= August 1938 =

Month of 1938

The following events occurred in August 1938:

==August 1, 1938 (Monday)==
- A new marriage and divorce law went into effect in Nazi Germany and Austria, depriving the church of all legal authority in marital affairs and entitling the state to prevent certain marriages.
- Born: Jacques Diouf, diplomat, in Senegal (d. 2019)
- Died: Edmund C. Tarbell, 76, American Impressionist painter; Konstantin Yurenev, 49 or 50, Soviet politician and diplomat (executed in the Great Purge)

==August 2, 1938 (Tuesday)==
- The Brooklyn Dodgers and St. Louis Cardinals played with yellow baseballs in the first game of a doubleheader at Ebbets Field. The yellow dye was an experiment to see if players would see the ball better and reduce their chances of being hit by pitches. Most players agreed the yellow balls were easier to follow, but the dye tended to come off on the hands of the pitchers.
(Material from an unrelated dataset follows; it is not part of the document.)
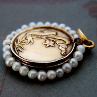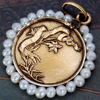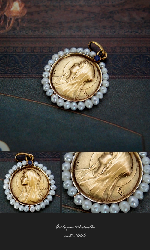 元々のメダイは1900年代初期頃に製作されていましたが、パール部分が全て欠損しており、その修復が近年になされたアンティークメダイです。

==August 3, 1938 (Wednesday)==
- Runciman Mission: British envoy Lord Runciman arrived in Prague to confer with Sudeten German leaders.
- Italy announced its first anti-Jewish legislation, banning foreign Jews from Italian schools.
- Born: Terry Wogan, radio and television presenter, in Limerick, Ireland (d. 2016)

==August 4, 1938 (Thursday)==
- The Romanian government gave minorities equal rights with Romanians in language, religion and race.
- Footballer Bryn Jones transferred from Wolves to Arsenal for a record £14,500 fee.
- Sherb Noble introduced Soft-Serve Ice Cream in his Kankakee, IL Ice Cream Parlor leading to the introduction of Dairy Queen two years later.
- Died: Pearl White, 49, American actress (liver failure)

==August 5, 1938 (Friday)==
- New York City threw a ticker tape parade for Douglas Corrigan.
- The musical comedy film Alexander's Ragtime Band premiered at the Roxy Theatre in New York City.

==August 6, 1938 (Saturday)==
- British Secretary of State for the Colonies Malcolm MacDonald made a one-day visit to Jerusalem to gain a firsthand understanding of the Arab revolt in Palestine.
- Died: Warner Oland, 58, Swedish-American actor best known for playing Charlie Chan

==August 7, 1938 (Sunday)==
- Eduardo Santos became President of Colombia.
- The RMS Queen Mary set a record for east-to-west Atlantic crossing of 3 days, 23 hours and 48 minutes.
- Died: Konstantin Stanislavski, 75, Russian actor and theatre director

==August 8, 1938 (Monday)==
- Construction of the Mauthausen-Gusen concentration camp in Upper Austria began.
- Born: Otto Rehhagel, footballer and coach, in Essen, Germany; Connie Stevens, actress, director and singer, in Brooklyn, New York

==August 9, 1938 (Tuesday)==
- During the Battle of the Segre, Republican forces crossed the Segre and surprised Nationalist forces north of Lleida.
- The musical drama film Four Daughters starring the Lane Sisters was released.
- Born: Leonid Kuchma, 2nd President of Ukraine, in Novhorod-Siverskyi, Ukrainian SSR, Soviet Union; Rod Laver, tennis player, in Rockhampton, Australia; Burton Gilliam, actor, in Dallas, Texas

==August 10, 1938 (Wednesday)==
- Nuremberg's synagogue was destroyed by the Nazis.
- The drama series Telecrime first aired on BBC Television.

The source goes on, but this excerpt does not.